Recorded data »
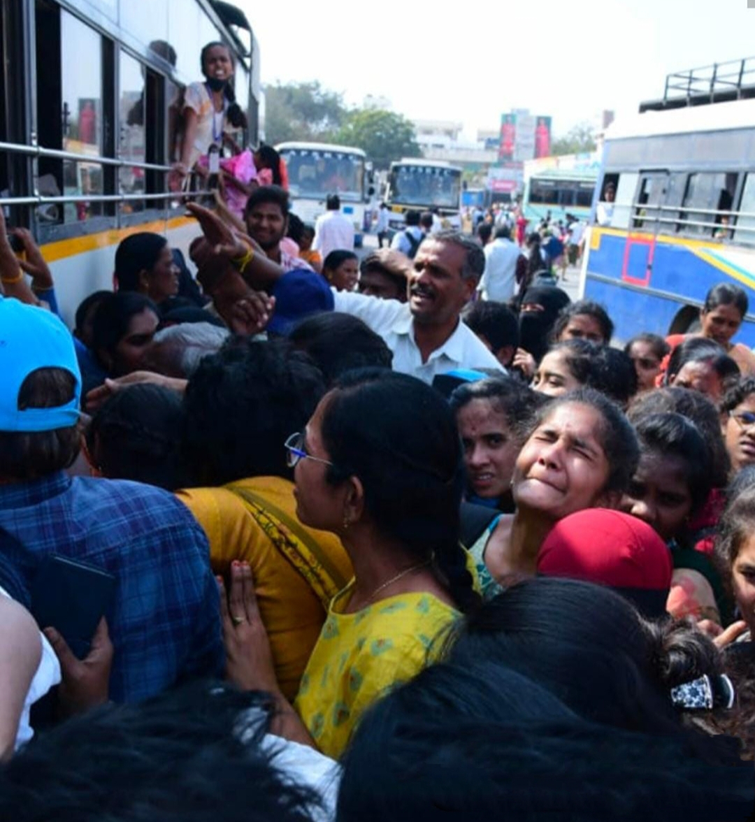 వచ్చిపోయే బస్సుల కోసం ప్రయాణికులు పరుగులు తీయడం, సీట్ల కోసం కుస్తీలు పడడం వంటి దృశ్యాలు కనిపించాయి. కాలేజీలకు, హాస్టళ్లకు, స్కూళ్లకు శనివారం నుంచి సెలవులు ప్రకటించడంతో ప్రయాణికుల రద్దీ పెరిగింది. మహాలక్ష్మి పథకం ప్రవేశ పెట్టిన నాటి నుంచి ఆయా రూట్లలో బస్సుల సంఖ్య తగ్గించడం వల్ల ప్రయాణీ కులు తిప్పలు పడాల్సిన దుస్థితి ఏర్పడుతోంది.
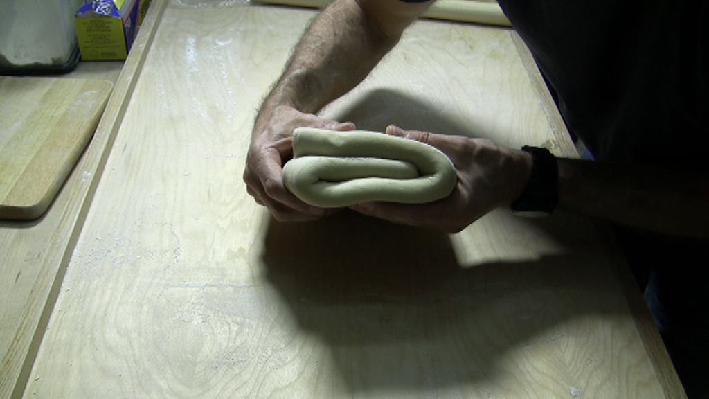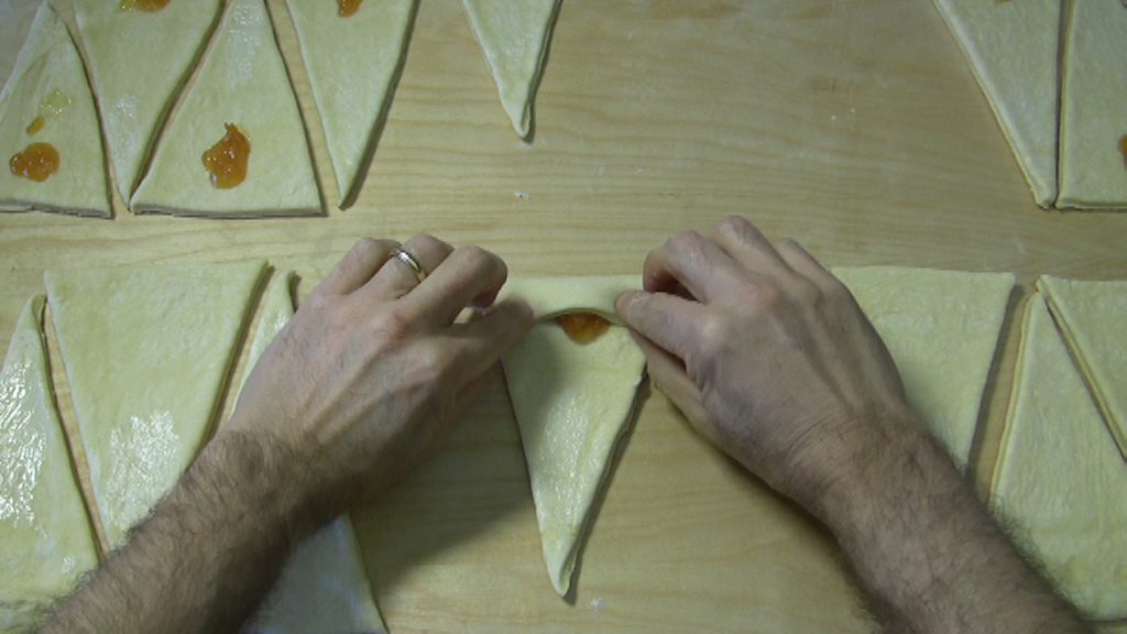 Piegate i due lembi di pasta su se stessi verso l'esterno (guardate bene il video)
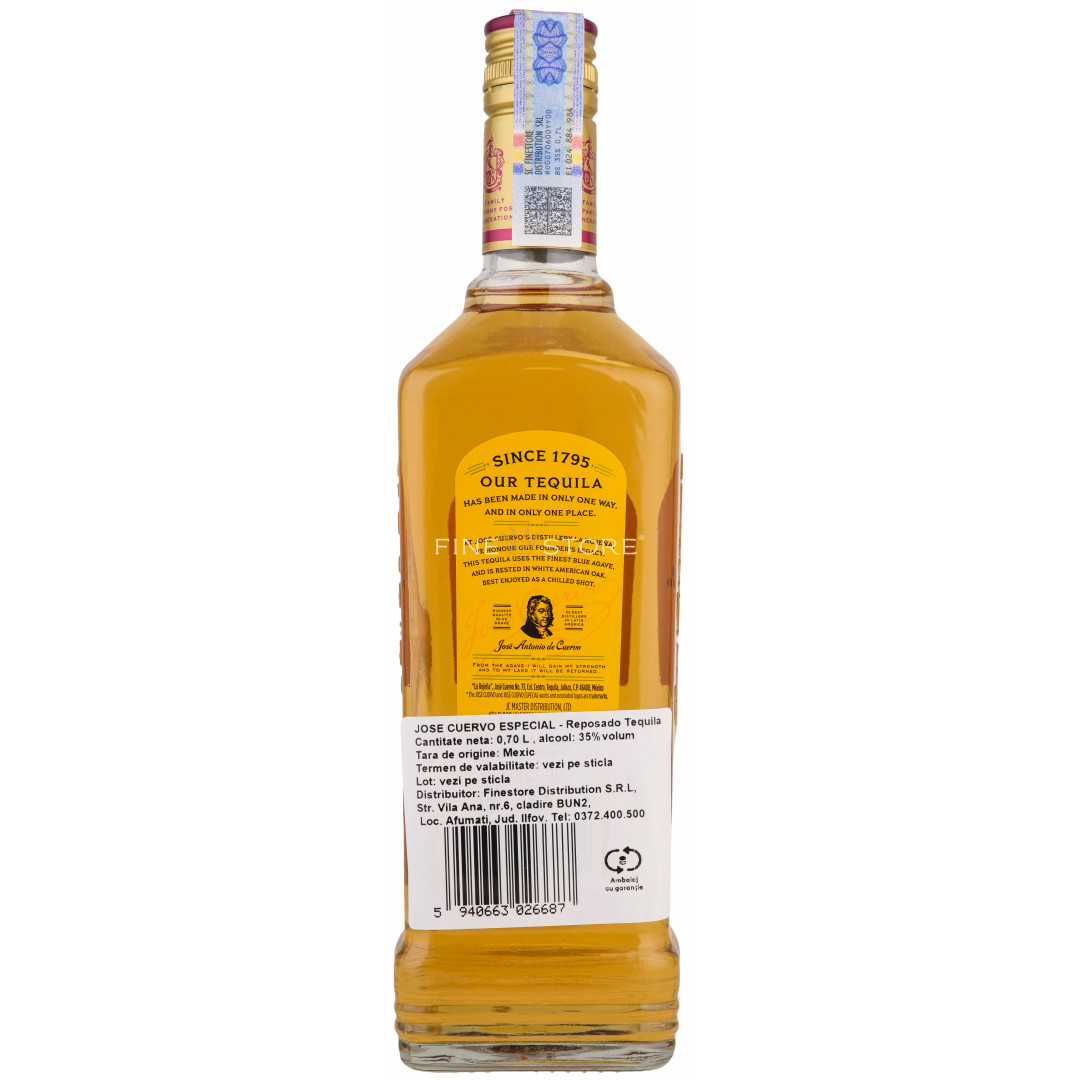 Jose Cuervo Gold este un sortiment auriu tânăr, obţinut prin amestecul mai multor sortimente învechite şi neînvechite. Legenda spune că tequila Jose Cuervo a jucat un rol important în inventarea cocktailului Margarita în anii ‘40, fiind şi astăzi baza perfectă pentru această băutură celebră. Jose Cuervo Gold este foarte popular în Statele Unite. Sortimentul este obţinut din ingrediente atent selecţionate, respectând cele mai înalte standarde de producţie. De accea poate fi savurat cu atâta plăcere şi simplu, alături de sare şi lime.
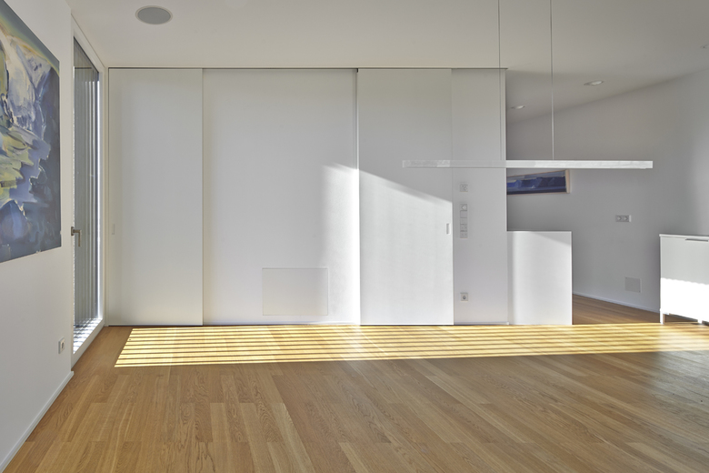 Dem mineralisch verputzen Gebäude wurde ein vertikal gegliedertes Volumen entgegen gesetzt.
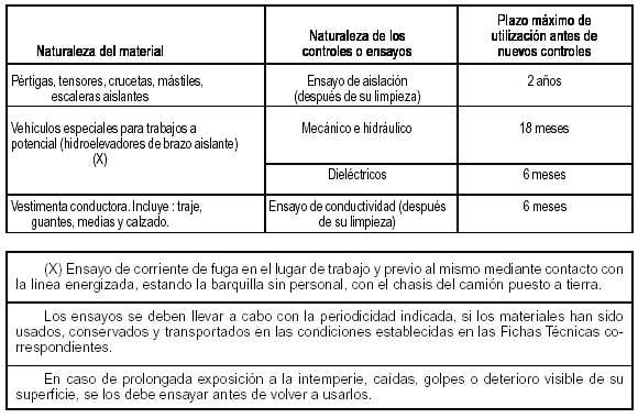 Por periodicidad de los controles y ensayos, se entiende el plazo, entre la fecha de habilitación del elemento al servicio y la fecha del nuevo control o ensayo según lo establecido en la tabla II del Anexo. Este plazo debe ser verificado en toda ocasión por el RESPONSABLE O JEFE DE TRABAJO.
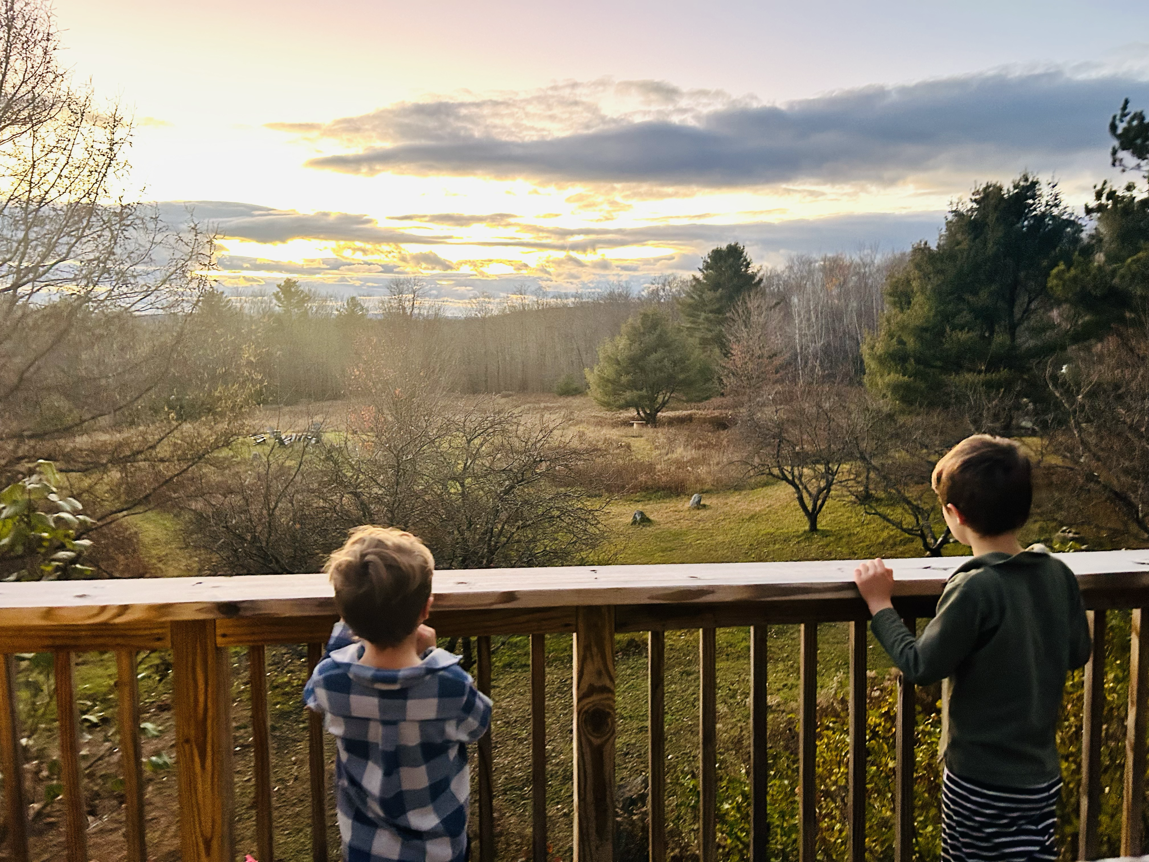 I relieve my mother and hold O for a little while, standing, enjoying the stillness of her. I sing the abbreviated version of the bedtime song my husband has made up for her; I turn off the lamp and, noticing the light bleeding from the boys’ closed door, go in and unplug the string of christmas lights.
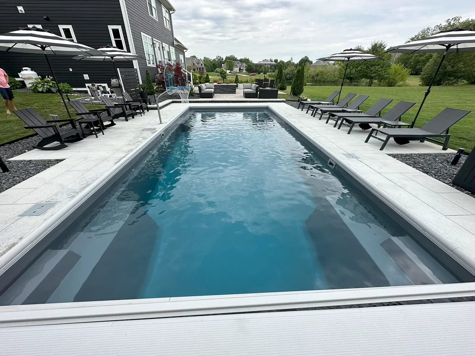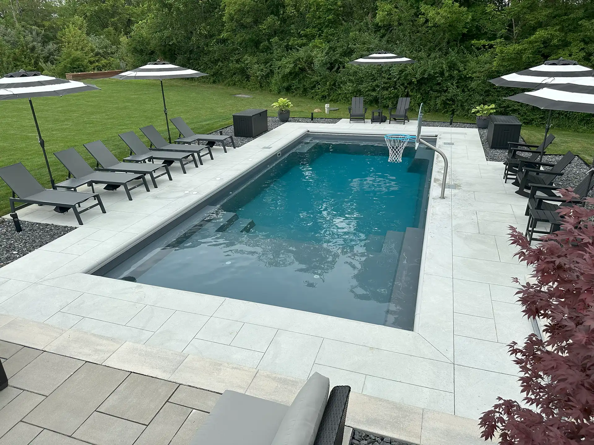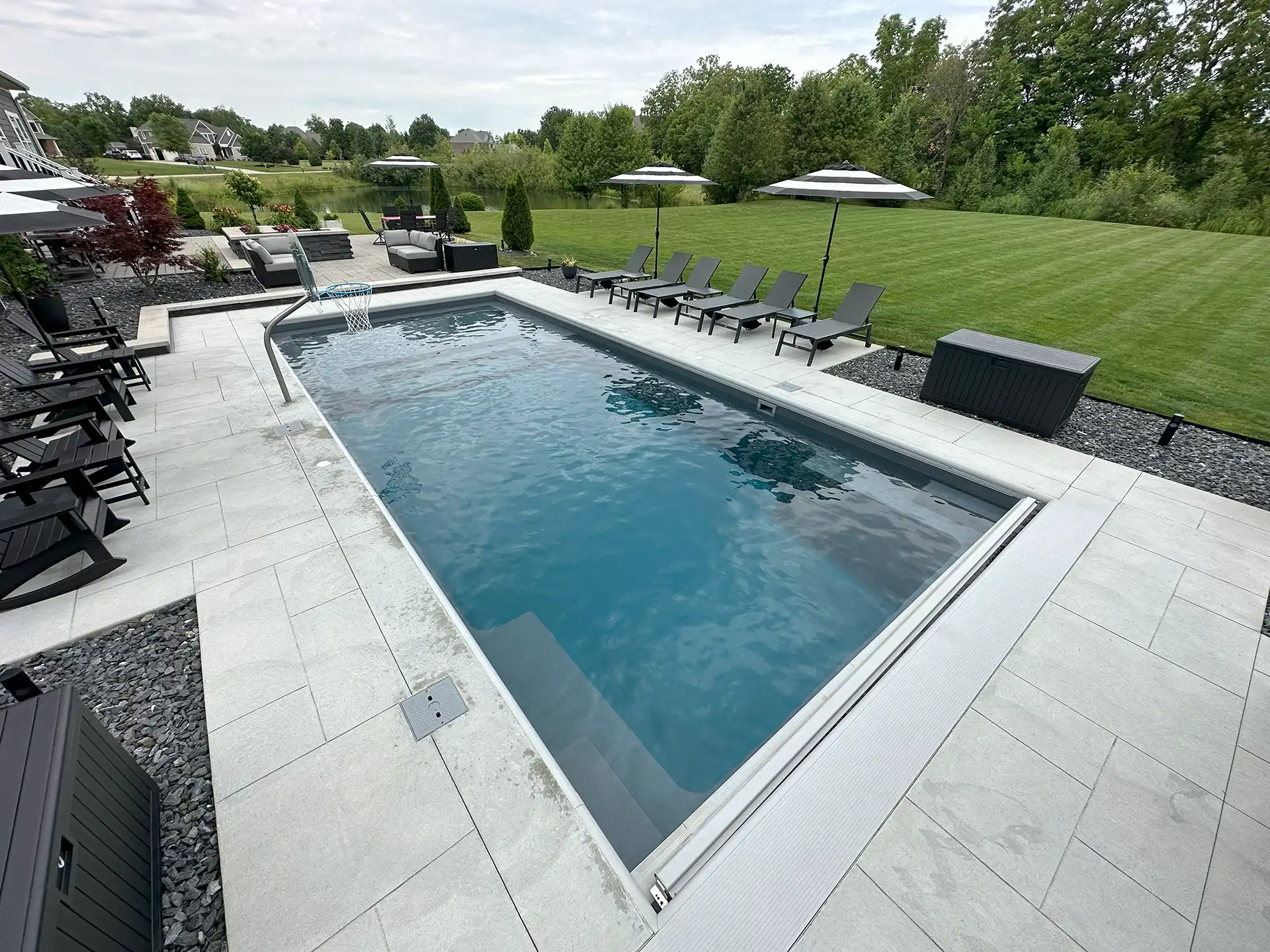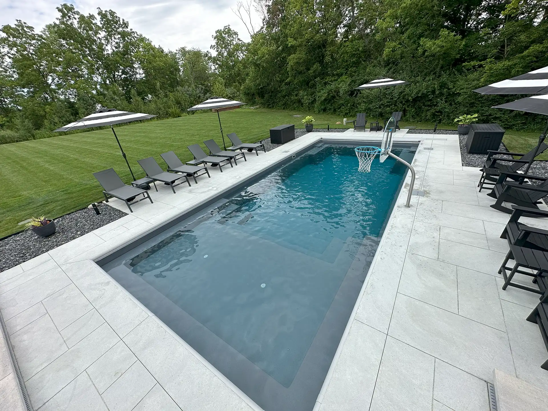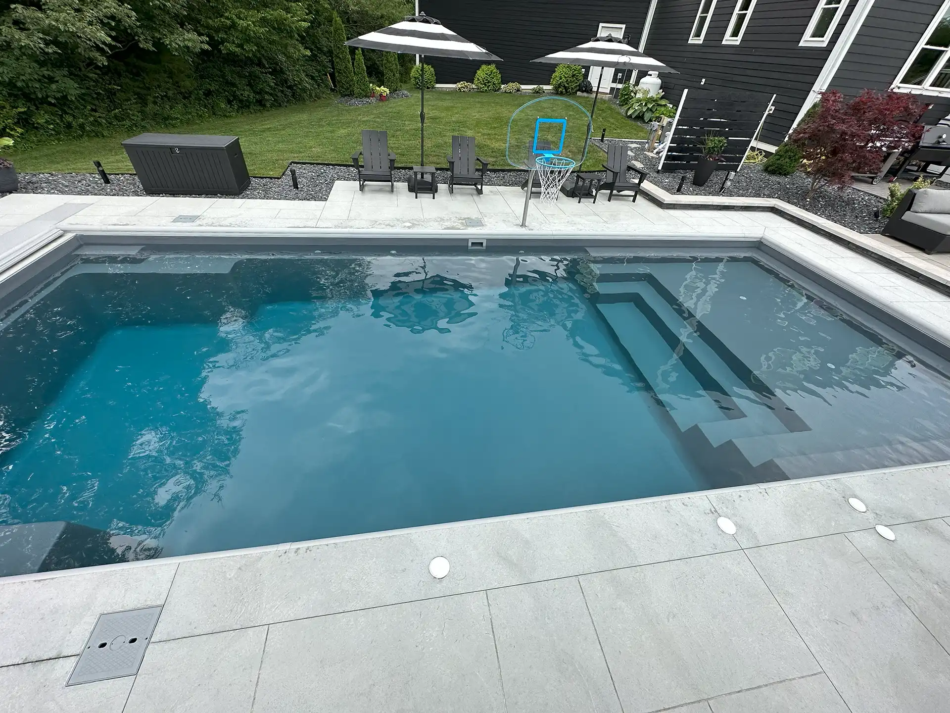 Modern 16×35 fiberglass pool offering bubblers, undermount cover, storm grey color, and basketball hoop.
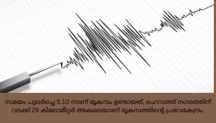അഫ്ഗാനിസ്ഥാൻ: പടിഞ്ഞാറൻ അഫ്ഗാനിസ്ഥാനിൽ വീണ്ടും ഭൂചനനം. 6.3 തീവ്രത രേഖപ്പെടുത്തിയ ഭൂചലനം അനുഭവപ്പെട്ടു. ഇതു വരെ ആളപായം ഒന്നും രേഖപ്പെടുത്തിയിട്ടില്ലെന്ന് യുണൈറ്റഡ് സ്റ്റേറ്റ്സ് ജിയോളജിക്കൽ സർവേ അറിയിച്ചു. സമയം പുലർച്ചെ 5.10 നാണ് ഭൂകമ്പം ഉണ്ടായത്, ഹെറാത്ത് നഗരത്തിന് വടക്ക് 29 കിലോമീറ്റർ അകലെയാണ് ഭൂകമ്പത്തിന്റെ പ്രഭവകേന്ദ്രം.

Aim of the task »
Transcribe exactly the lines that run from the first line of the records above through the line with "Piegate i due", and include both of those lines; pictures stay out.

Response to the exercise »
 వచ్చిపోయే బస్సుల కోసం ప్రయాణికులు పరుగులు తీయడం, సీట్ల కోసం కుస్తీలు పడడం వంటి దృశ్యాలు కనిపించాయి. కాలేజీలకు, హాస్టళ్లకు, స్కూళ్లకు శనివారం నుంచి సెలవులు ప్రకటించడంతో ప్రయాణికుల రద్దీ పెరిగింది. మహాలక్ష్మి పథకం ప్రవేశ పెట్టిన నాటి నుంచి ఆయా రూట్లలో బస్సుల సంఖ్య తగ్గించడం వల్ల ప్రయాణీ కులు తిప్పలు పడాల్సిన దుస్థితి ఏర్పడుతోంది.
 Piegate i due lembi di pasta su se stessi verso l'esterno (guardate bene il video)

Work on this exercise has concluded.